The merger between Daimler-Benz and Chrysler Corp was billed as a merger of equals and a marriage made in heaven -- the perfect model for the future of auto manufacturing worldwide.
After nine tumultuous years, it was neither.
The US$36 billion deal that saw Daimler-Benz AG take over Chrysler Corp in 1998 sputtered through nearly a decade of up-and-down Chrysler earnings and repeated cost-cutting. Through it all, there was the simmering resentment of German shareholders, who felt that something pedestrian, unimpressive -- indeed, American -- had dulled the lustrous sheen of one of their country's greatest carmakers.
Now, with the company set to split in a 5.5 billion euro (US$7.4 billion) deal -- a fraction of Chrysler's value a decade ago -- it serves as a very public illustration of the pitfalls inherent in attempting to bring car makers from Asia, Europe and the US into large-scale partnerships.
"Big cross-border mergers in the auto industry have never worked," said Stephen Cheetham, a European auto analyst at Sanford C. Bernstein Ltd in London. "Mega-deals in the auto space are very problematic."
Cheetham said the creation of DaimlerChrysler was the peak of transnational tie-ups from the late 1990s, such as General Motors Corp (GM) and Korea's Daewoo Motor. Now, he said, "globalization in the auto business these days is not very pragmatic."
The drawbacks include the higher costs of shipping and transportation, rising health care and pension funding costs in the US and cultural differences.
"The Germans never knew really quite what to do with Chrysler," Cheetham said.
"Managing across the pond and managing this very, very different business is very difficult," he said.
DaimlerChrysler's split is one of many auto partnerships to collapse in the past few years. GM paid US$2 billion in 2005 to break off its alliance with Fiat SpA after the Italian company's finances and market share deteriorated. In the 1990s, BMW AG lost billions after buying Britain's MG Rover, which it sold for a token ?10 in 2000.
It all looked different in the mid-1990s. Daimler-Benz was eagerly searching for new markets and new opportunities at the dawn of what many thought would be an age of global consolidation. Chrysler was an ideal target, with a line of cleverly designed, efficiently built minivans, pickups and Jeeps.
Throw in a rich country that was car crazy and it made perfect sense.
Daimler and Chrysler said it was a "merger of equals," but then chief executive officer Juergen Schrempp later dismissed that in an interview, leading to a lawsuit from billionaire investor Kirk Kerkorian. He lost, and it was clear the center of power had shifted to Stuttgart.
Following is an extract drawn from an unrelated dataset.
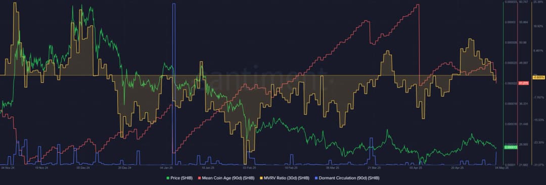 در نهایت، میانگین عمر سکه (Mean Coin Age) طی ماه گذشته روند صعودی قوی نداشته است، برخلاف بازه ژانویه تا مارس. در آن زمان، صعود مداوم MCA نشانگر تجمع گسترده در شبکه بود. گردش غیرفعال سکه چند قله در این معیار ایجاد کرد که افزایش حرکت توکن و امواج فروش کوچک را نشان میداد. نسبت MVRV سیروزه نیز دوباره به محدوده منفی بازگشت. این میتواند نشانه اولیه پایان فشار فروش از سوی دارندگان کوتاهمدت باشد و زمان لازم برای تثبیت و تجمع را برای این میمکوین فراهم کند.
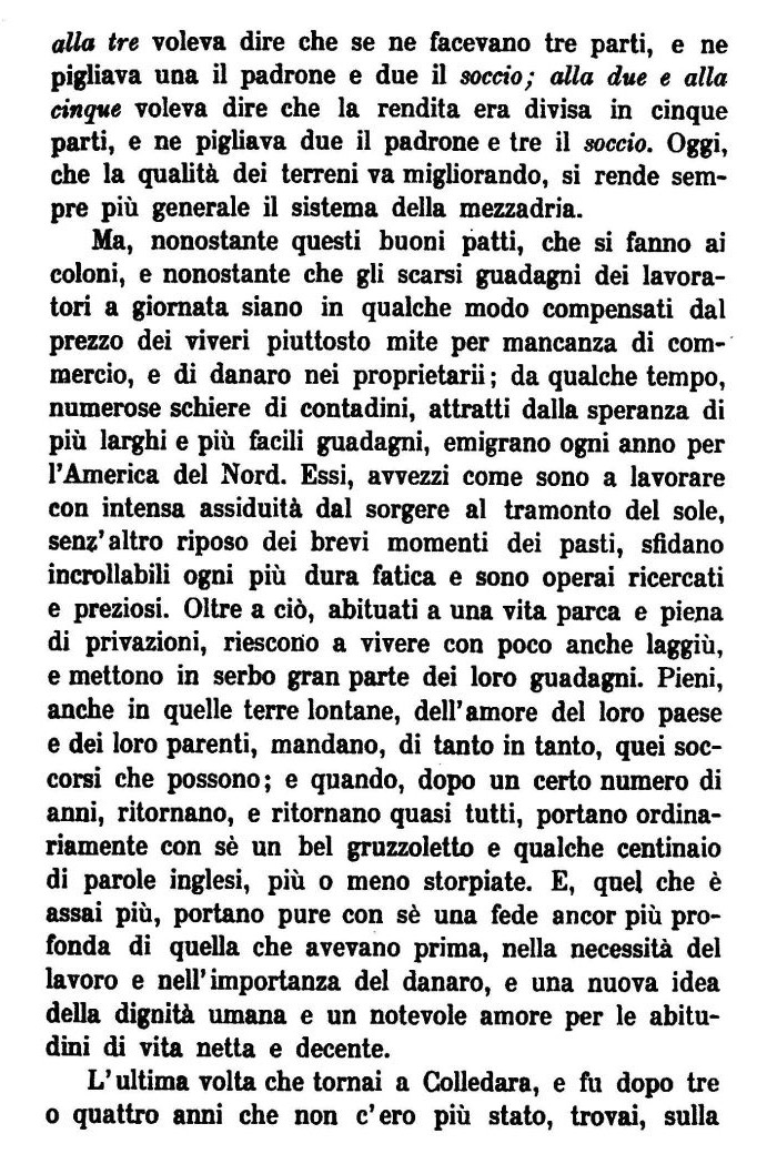 Ma, nonostante questi buoni patti, che si fanno ai coloni, e nonostante che gli scarsi guadagni dei lavoratori a giornata siano in qualche modo compensati dal prezzo dei viveri piuttosto mite per mancanza di commercio, e di danaro nei proprietarii ; da qualche tempo, numerose schiere di contadini, attratti dalla speranza di più larghi e più facili guadagni, emigrano ogni anno per l'America del Nord. Essi, avvezzi come sono a lavorare con intensa assiduità dal sorgere al tramonto del sole, senz'altro riposo dei brevi momenti dei pasti, sfidano incrollabili ogni più dura fatica e sono operai ricercati e preziosi. Oltre a ciò, abituati a una vita parca e piena di privazioni, riescono a vivere con poco anche laggiù, e mettono in serbo gran parte dei loro guadagni. Pieni, anche in quelle terre lontane, dell'amore del loro paese e dei loro parenti, mandano, di tanto in tanto, quei soccorsi che possono; e quando, dopo un certo numero di anni, ritornano, e ritornano quasi tutti, portano ordinariamente con sè un bel gruzzoletto e qualche centinaio di parole inglesi, più o meno storpiate. E, quel che è assai più, portano pure con sè una fede ancor più profonda di quella che avevano prima, nella necessità del lavoro e nell'importanza del danaro, e una nuova idea della dignità umana e un notevole amore per le abitudini di vita netta e decente.

The company rebounded from a brutal 2001 restructuring and launched hits like the 300C, only to see earnings slip again. After declining sales and recalls over defects, DaimlerChrysler dumped its other cross-border venture, with Mitsubishi in Asia, in 2004.
And as gas prices rose, consumers looked to smaller cars with better mileage. Ferocious competition with rivals General Motors and Ford Motor Co, along with Japan's Toyota Motor Co -- unencumbered by the crippling legacy costs the US automakers were facing -- led to flat prices and thin margins.
Losses at Chrysler were one thing. But when the company's jewel, Mercedes, posted its first quarterly loss in 10 years in 2005 amid concerns over costs and quality, the virtues of size faded even more. Shareholders looked enviously at other German automakers such as BMW and Porsche, which kept a sharp focus on high-margin luxury cars.
That disappointment hastened the departure in 2005 of Schrempp, who had masterminded the DaimlerChrysler deal -- dubbing it a "marriage made in heaven." Finally, in February, DaimlerChrysler said it was considering all its options for Chrysler.
"Certainly anyone contemplating a major mega-deal will use DaimlerChrysler as a very large warning," Cheetham said.
Some analysts say major automakers like Nissan Motor Co and France's Renault SA -- which have a partnership many cite as cooperation that works -- and Fiat show that they have learned their lessons.
Nissan and Renault chief executive Carlos Ghosn has touted the seven-year-old Nissan-Renault alliance -- which is, perhaps significantly, short of a merger -- saying that Renault's market worth has tripled, while Nissan's has grown fivefold. The French automaker has a 44 percent stake in Nissan.
"In today's global business landscape, the creation of transnational partnerships is becoming a familiar and valid practice," Ghosn said then. But talks about partnership with GM to give the company a US foothold did not lead to a deal.